O marido praticamente não telefona para saber dos filhos. Na quarta-feira, mandou uma mensagem: “Mãe dá um beijo no meu boneco que ele está fazendo sete meses hoje”. Milene nem se deu ao trabalho de responder. “Não adianta. Minha conversa com ele vai ter que ser na Justiça.” Sozinha, precisou largar o emprego para cuidar de Davi. A mãe e o pai também estão desempregados. Com a chegada de Milene e dos filhos, agora são nove pessoas morando na casa. Ela e as crianças se instalaram na cozinha. Num cantinho, o berço de Davi. Miguel e Rafael dividem o beliche de baixo. À Milene, sobra a cama de cima. Quase sempre, entre terapias, consultas e exames do filho, passa o dia na rua sem comer.

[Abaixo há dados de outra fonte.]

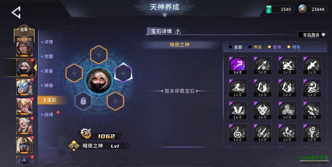 天神除了本身的养成以外,还能进行神器的养成。神器解锁需要对应的天神神器碎片,在支线关卡中可以获得。神器本身能够升级,升级将会增加天神的伤害并且还会增加神器本身的宝石插槽!

Almoça quando alguém divide com ela a comida. Dias atrás, precisou tirar o CPF de Davi. Sete reais. Conseguiu o dinheiro com um vizinho.

Tem vivido praticamente de doações. Ouviu da terapeuta que Davi precisa ser estimulado com objetos coloridos, que façam barulho. Mas o menino não tem brinquedos. Nenhum. Os poucos dos irmãos ou são muito grandes ou estão quebrados. Ela ainda conseguiu comprar um chocalho, mas os irmãos mais velhos, que não param quietos, terminaram quebrando.

Num ambiente de tantas ausências, o que mais dói não são as privações, o cansaço. O que mais machuca é o olhar do outro. Fere tanto quanto a palavra. E as palavras são de uma violência que tira o chão. “Que coisa mais feia. Parece um ET”. Milene não acreditou no que ouviu. Estava na fila do INSS para solicitar a aposentadoria do filho. Uma senhora, sentada, disparou a frase. Tem sido assim. Por onde ela passa, olhos e dedos apontam o diferente. “Como se ele fosse uma aberração, sabe?” Ela finge que não ouve, que não vê, que não sente. Já sugeriram que ela colocasse um gorro ou uma toca na cabeça de Davi, para escapar dos olhares. Ela se recusou. “Não vou esconder meu filho. Não vou ter vergonha dele. Ele é lindo. É único. Não comparo ele com o filho de ninguém.”

Milene Helena dos Santos Ferreira, mãe de Miguel, Rafael e Davi, desempregada, separada, agredida repetidas vezes pelo ex-marido, tem só 22 anos.